Young hands celebrate September with posies of pink erasers budding on the end of slim yellow stems and hours dressed smartly in routines. It’s the rite of back-to-school days: the folding open of fresh notebooks, the lacing up of maiden shoes, the packing of new lunch bags.
It’s the ceremony of new school days.
We do that, us soul carriers. When we deem events significant, we create ceremony. Marriage ceremonies, baptismal services, holiday observances. yes, too, back-to-school traditions. If we consider an occasion meaningful, we develop a ceremony to duly recognize it. Simply, ceremony is a repeated action that marks important happenings: always candles on birthday cakes,
centerpieces for Thanksgiving, vows on wedding days.
And yet, isn’t every day important?

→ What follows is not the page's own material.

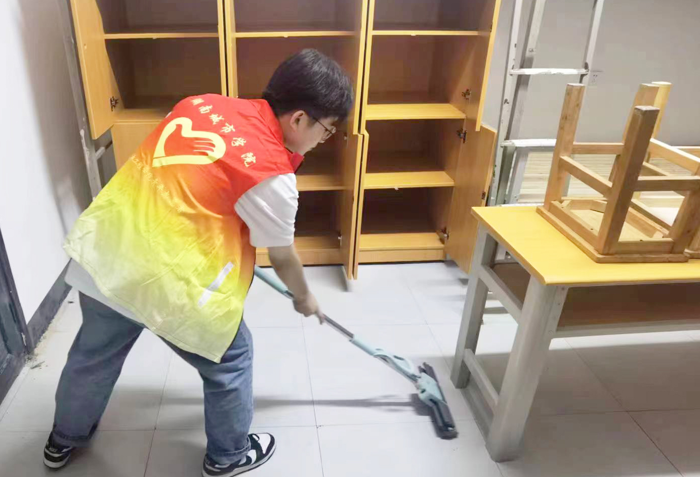 志愿者们对新生宿舍进行清扫。

Do not all of our acts warrant ceremony?
Each moment God generously bestows is momentous. If we embrace each day as gift, then isn’t each event noteworthy? And if each moment lived is important, could we not then live in ceremony, celebration wrapped around each bead of time?
God does. Every day, He acts in ceremony, repeated quotidian order of services: calling sun-orb to arch across skies, ocean waters to wet land’s lip, again and again, the globe to dance in orbit with milky moon through heavens. Our God acts in endless ceremony to bring order to the world. And so we too, made in His image, are ceremonious beings, bringing order to chaos through ceremony.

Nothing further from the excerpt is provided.